Friday, June 27, 2008

Highlights from Evolution 2008: Part II

There were a few notable advances in comparative methods. Emma Goldberg and our own Boris Igic illustrated how several recent rejections of Dollo's law may have resulted from a failure to consider differential rates of species diversification and several other violations of the Mk2 model (see our related previous post on Maddison et al.'s work and the BiSSE method). 

If lineages with the character state A are more likely to speciate, or less likely to go extinct, than lineages with character state B, there will be a tendency to infer an ancestor with state A. Emma and Boris illustrate the practical implications of this sort of differential diversification by showing how it may have resulted in the incorrect inference of re-evolution of wings in stick insects (Whiting et al. 2003; in Nature).  If there is any truth to the widespread belief that vagility is inversely associated with speciation rate, it seems logical to suggest that the non-winged lineages have undergone more species diversification and biased the conclusions of standard methods toward the reconstruction of a non-winged ancestor and repeated re-evolution of wings. 

For those of you who missed the talk, Boris was sporting a mustache to symbolize his allegiance with Dollo.

1 comment:

Brian R. Moore said...

I agree that this is a wonderful and important insight. I believe that this work—in addition to that of Maddison (2006) and Maddison et al. (2007)—highlights the need to develop heterogeneous stochastic process models of morphological evolution. In other words, the assumption that traits can be appropriately modeled under a homogeneous process through time and across lineages is apt to be invalid for many inference scenarios, particularly when the traits under consideration are not selectively neutral.
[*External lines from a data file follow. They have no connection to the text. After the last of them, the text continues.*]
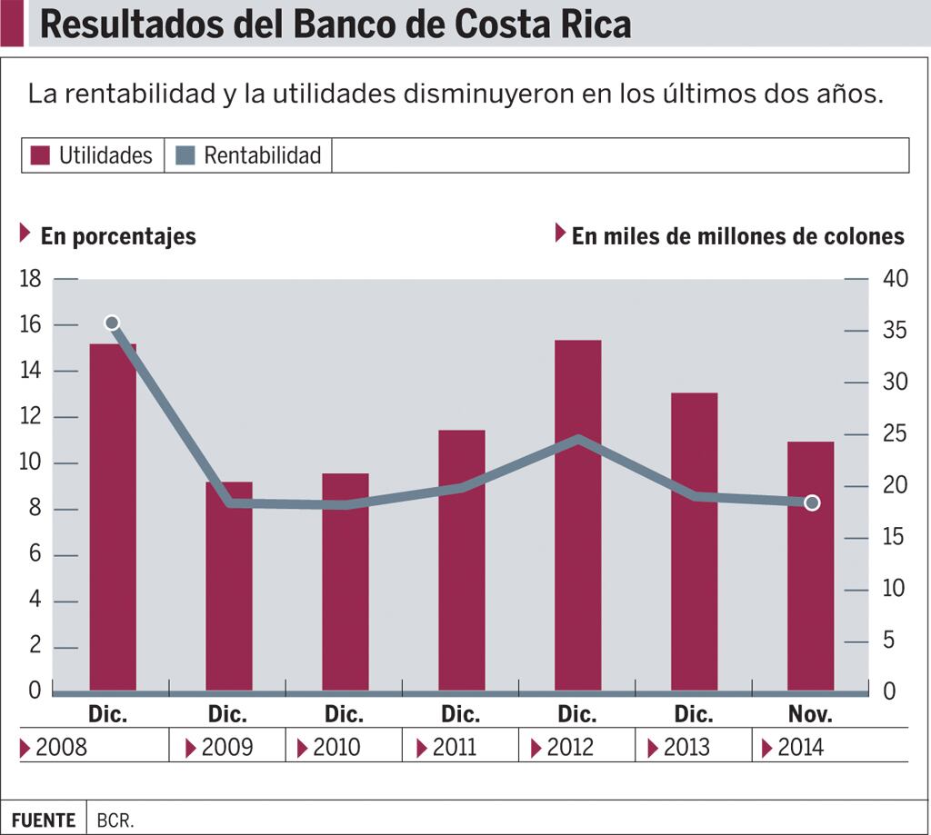 En participación de mercado, el BCR se adueña del 19,7% de la cartera de préstamos, mientras el Nacional captura el 37,4%. Además, el primero reportó utilidades por ¢24.407 millones al cierre de noviembre pasado, con una baja en los últimos dos años.
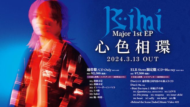 Bimiが10月にメジャーデビューしてから初となるEP『心色相環』(よみ:しんしきそうかん)を、2024年3月13日にリリースされることが決定した。
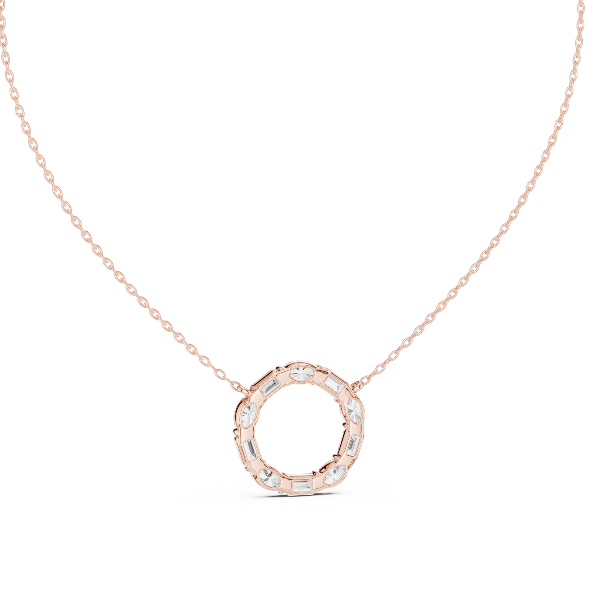 This sophisticated Diamond Circle Pendant Necklace features a graceful mix of oval-cut and emerald-cut lab-grown diamonds arranged in a continuous circular design. The contrasting shapes create visual depth and refined brilliance, symbolizing eternity, unity, and everlasting elegance. Suspended from a sleek chain, this pendant delivers timeless luxury with a modern geometric touch.
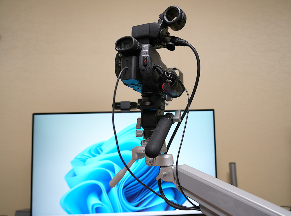 4K 캠코더도 거치해놓고 사용하고 있는데요. 상단 부분에는 스몰리스 비디오 해드를 달았습니다. 필요한 위치로 간단하게 옮기고 , 촬영할 위치로 카메라를 고정 시킨 뒤 촬영이 가능합니다. 부드럽게 위치를 옮기면서 촬영하는것도 연습하면 할 수 있습니다.
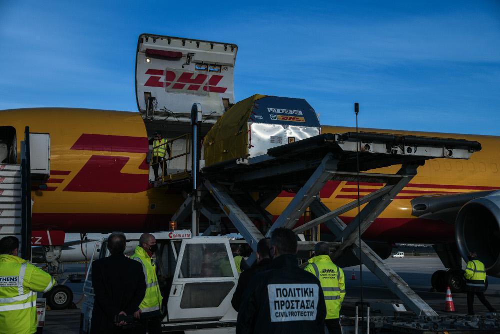Κλιμάκιο του υπουργείου Υγείας και της Πολιτικής Προστασίας με επικεφαλής τον υφυπουργό Πολιτικής Προστασίας και Διαχείρισης Κρίσεων, Νίκο Χαρδαλιά, καθώς και εκπρόσωποι των Ενόπλων Δυνάμεων, της Αστυνομίας και της Πυροσβεστικής βρίσκονται στο αεροδρόμιο προκειμένου να παραλάβουν τις δόσεις του εμβολίου.
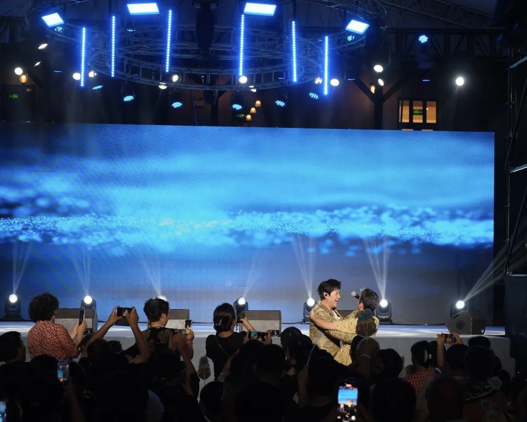 演出现场气氛热烈非凡,当蔡国庆走下舞台,瞬间被热情的观众包围,他微笑着与观众一一握手,引发台下阵阵欢呼。值得一提的是,演出现场,蔡国庆与青岛重庆路小学学生徐紫嫣合唱《三百六十五个祝福》,为这首歌注入了充满活力的新生力量。
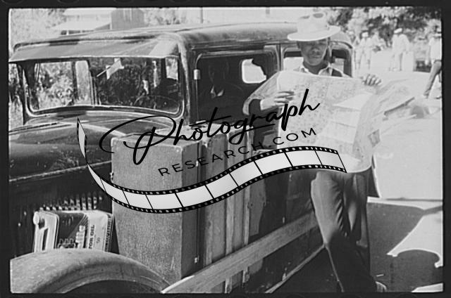Title: Florida migrants studying road map before leaving Elizabeth City, North Carolina for the state of Delaware
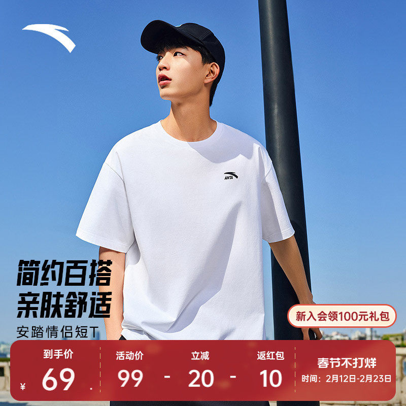 📚 安踏短袖t恤男女同款夏季简约纯色圆领半袖宽松透气情侣休闲上衣
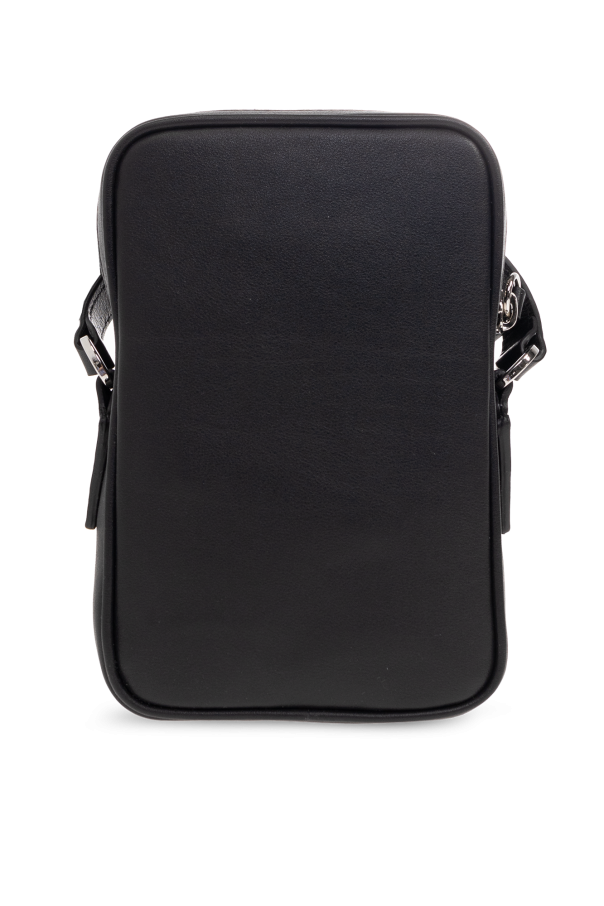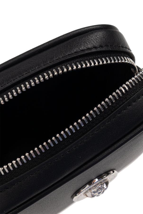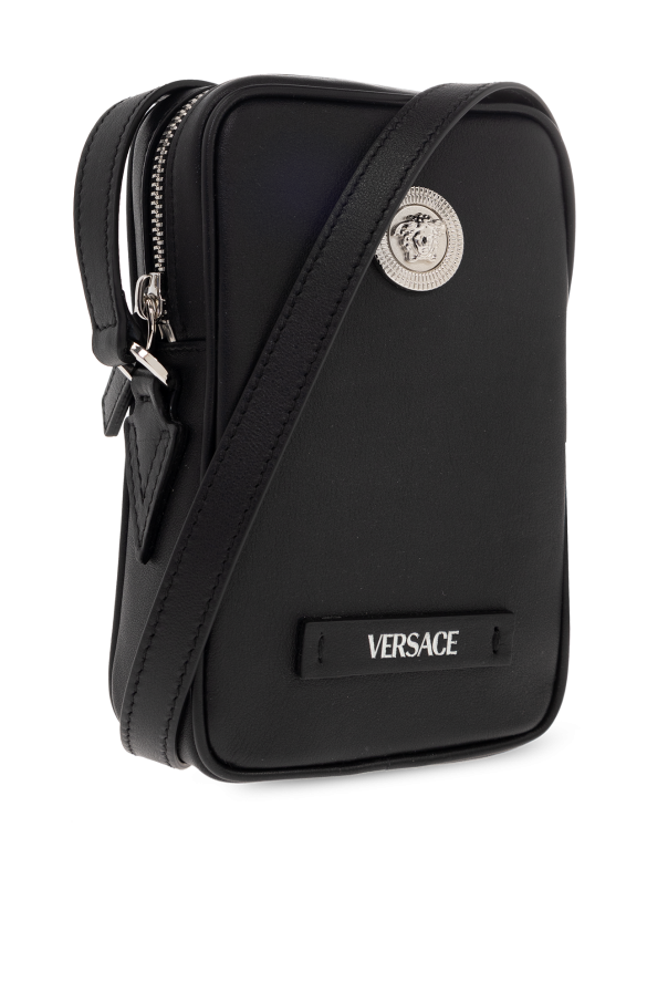 Black shoulder bag from Versace. Made of leather, this design fastens via a zip and showcases a logo patch accompanied by a signature Medusa face emblem on the front. It is complete with a long and adjustable strap, silver-tone metal hardware and one internal compartment.

Imagine, for example, that a group of species exhibiting state A occurs in an environment in which A is advantageous, such that transitions from B->A are apt to occur more frequently than A->B. Further imagine that the environment (and associated selection regime) of lineages outside this subclade do not experience selection for A (or B).

Accordingly, the attempt to model the evolution of this trait (i.e., to infer ancestral states and associated parameter estimates) over the entire tree under a uniform stochastic process will be biased because any such model will necessarily provide a poor fit to part of the data (e.g., where the MK1 assumes symmetric transition probabilities, and the MK2/AsymmK assumes asymmetric rate coefficients).

I believe that there may be a fairly straightforward solution to the problem motivated by this insight. Very cool stuff!